Si un individuo dentro un grupo familiar o estando en una relación de pareja, desea conservar sus espacios personales, enseguida es criticado, y hasta juzgado como un ser egoísta. Porque, aunque no se diga exactamente así, y se trate de esconder detrás de términos más o menos simpáticos ("es un/a solitario/a"... "es un poco antisocial"... "es un/a escondedor/a"...), es eso lo que se piensa.

Ni hablar si uno admite abierta y sinceramente que ciertas personas nos resultan "pesadas", asfixiantes, o hasta tóxicas.

Y es paradójico que no se comprenda que un individuo, hombre o mujer, necesite y, por ende, pretenda estos espacios. Realizar actividades que nada tengan que ver con alguno de sus vínculos; tener amistades propias y no por fuerza compartidas; poner límites con respecto no sólo a lo que no nos satisface del todo, sino también al tiempo que se pasa con personas que no nos aportan... no es egoísmo, es simplemente sano amor propio. Es respetarnos y querernos, ser honestos con nosotros mismos, y ésta es la base para cualquier tipo de relación con un otro.

Y tú, ¿te has sentido alguna vez egoísta por alguna de estas cosas? ¿Te han dicho o hecho sentir que lo eras?

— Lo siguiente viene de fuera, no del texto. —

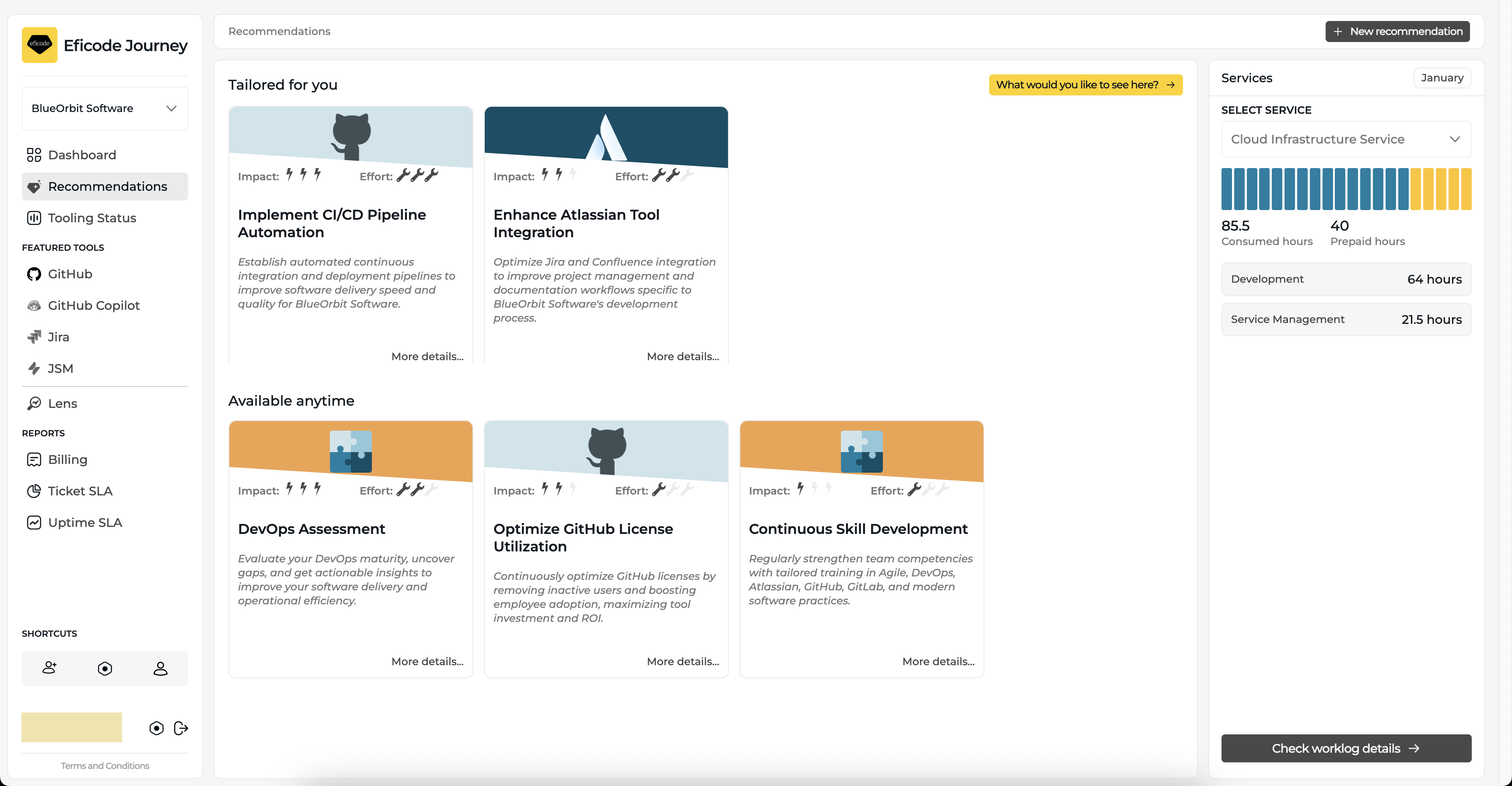 - Eficode business value: This feature hasn’t seen strong adoption yet, but it is starting to pick up with more and more Eficode Advisory and Support being sold. The problem stated above is not yet solved with this. In the instances where the customers got the recommendations through the feature, they usually continued the discussion with their main point of contact at Eficode.

                                                                                                                        Alma & Luna

lunes, 23 de abril de 2018

Las raíces

Con Alma, no sólo compartimos una amistad y un cariño forjado a través de la distancia, sino que ambas también somos inmigrantes. La vida nos hizo cruzar el océano para buscar una vida mejor, un futuro más libre, más seguro. Compartimos una experiencia radical que cambió nuestras vidas para siempre.
Ambas decidimos arriesgar y lanzarnos al vacío. Cada una por los motivos que fueran (quizás eso no tiene importancia, pero, sí es el punto álgido por el cual se toma una decisión absolutamente vital)  apostamos por dejarlo todo.
Y de repente todo cambia, como si de un tajo neto te arrancaran de la tierra, y el mar fuera la mezcla insalvable de sangre y lágrimas. Tu tierra queda atrás y tú vas hacia lo desconocido y lo sientes como un vacío, un miedo expectante al futuro.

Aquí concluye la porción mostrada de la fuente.